Chart: 85% of new electricity built in 2023 came from renewables

https://www.canarymedia.com/articles/clean-energy/chart-85-of-new-electricity-built-in-2023-was-clean-energy

by DukeOfGeek

2 comments
  1. To be more precise, it’s 85% of new capacity, which is different from how much these power sources will practically produce, which is represented by the capacity factor. Capacity factors are widely different from technology to technology, but gas or coal is between 50-85%, while solar is about 25%, so it’s a little bit less favorable.

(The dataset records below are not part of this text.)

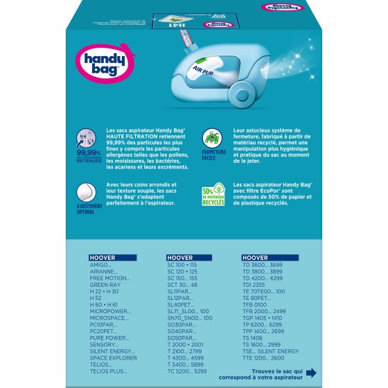Sac Haute Filtration - Retient 99,99% des particules les plus fines - Système de fermeture hygiénique et pratique - Filtre anti-allergène inclus - 50% de matériaux recyclés.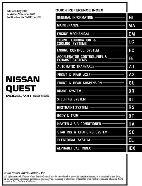 Presently you are looking regarding an 2000 Quest V41 Service And Repair Manual example that we provide here within some form of document formats such as PDF, Doc, Energy Point, and in addition images that will make it easier for you to create an 2000 Quest V41 Service And Repair Manual yourself. For a better look, you may open a few examples below. All the good examples about 2000 Quest V41 Service And Repair Manual on this web site, we get from several sources so you may create a better document of your own.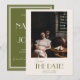 This modern & retro funky minimalist Wedding olive green photo Save The Date Template is great for you. If you are looking for a pretty, elegant and easy to customize olive green Wedding image Save The Date Template. A very elegant simple ivory cream script wedding save the date on burgundy background on the front. Which features green save the date bold typography on plain ivory background. And customizable photo on the back. Grab this stylish wedding save the date and make your invites truly engaged.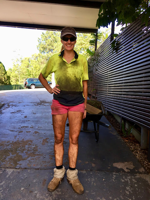 I organised an early Xmas present for the hubby in time for the Xmas party this weekend. Turfing of the lower garden. I found a great outfit called Desire landscaping, http://desirelandscapes.com.au and organised a quote.Quite like the name. The weather has been wet so it was touch and go whether they could do it but Ivan called and said it could all go ahead. They arrived super early- Ivan – big and strong, and two young women. Momentarily surprised as the job was a big one. Hot day – well into the 30s and humid. The lower back garden can only be accessed by a long walk down. Each bucket of earth was shovelled into buckets and walked down, then spread over the area and then the turf arrived to be laid and rolled.The worked all day with a couple of breaks in between. I was busy tackling the ironing so with an open door I could hear their banter, happy, respectful, giggly and fun with not a swear word escaping their lips. They worked solidly and when Ivan offered to take over a harder task they politely refused and carried on. By the end of the day this is what they looked like – gorgeous gals, fun loving, hard working, nothing prissy or precious about them. Hats off to the parents who raised them and to these young women above all. Australia, you put your money where your mouth is, and gender equality is alive and well.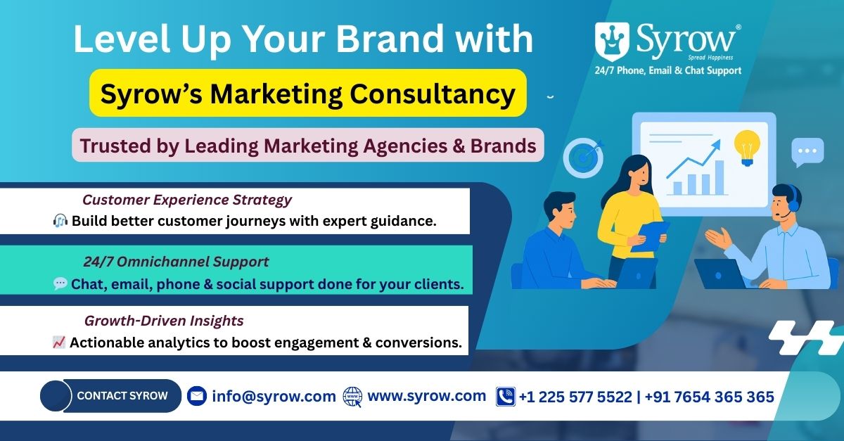 A Smarter Way for Agencies to Grow What agencies need today is much more than mere support: agility, speed, consistency, and smart tools to make communication easy. Syrow’s 24/7 Omnichannel Customer Support for Marketing Consultancy fulfills all of the aforementioned and even more, making it an ideal outsourcing partner for agencies seeking to transform customer experiences, scale up operations, and gain prominence in the highly competitive marketplace.

  2. Adding capacities like this is the XXIst century “mixing apple and organges”.
    If a sailing boat can go 11 knots (20km/h) in the best conditions and a car can go 200km/h, if we build 10 boats and one car, we’ve added 400km/h of travel capacity, half of which is renewable?

    [here’s](https://electrek.co/2023/11/17/worlds-largest-single-site-solar-farm/) “the world’s largest solar farm” at 2GW and a capacity factor in the UAE of around [25%](https://www.unescwa.org/sites/default/files/event/materials/presentation_hosni_ghedira_escwa_july_2017.pdf) (which is understandably relatively high compared to other places) can be expected to produce 2 x 24 x 365 x 0.25 = 4380 GW**h**.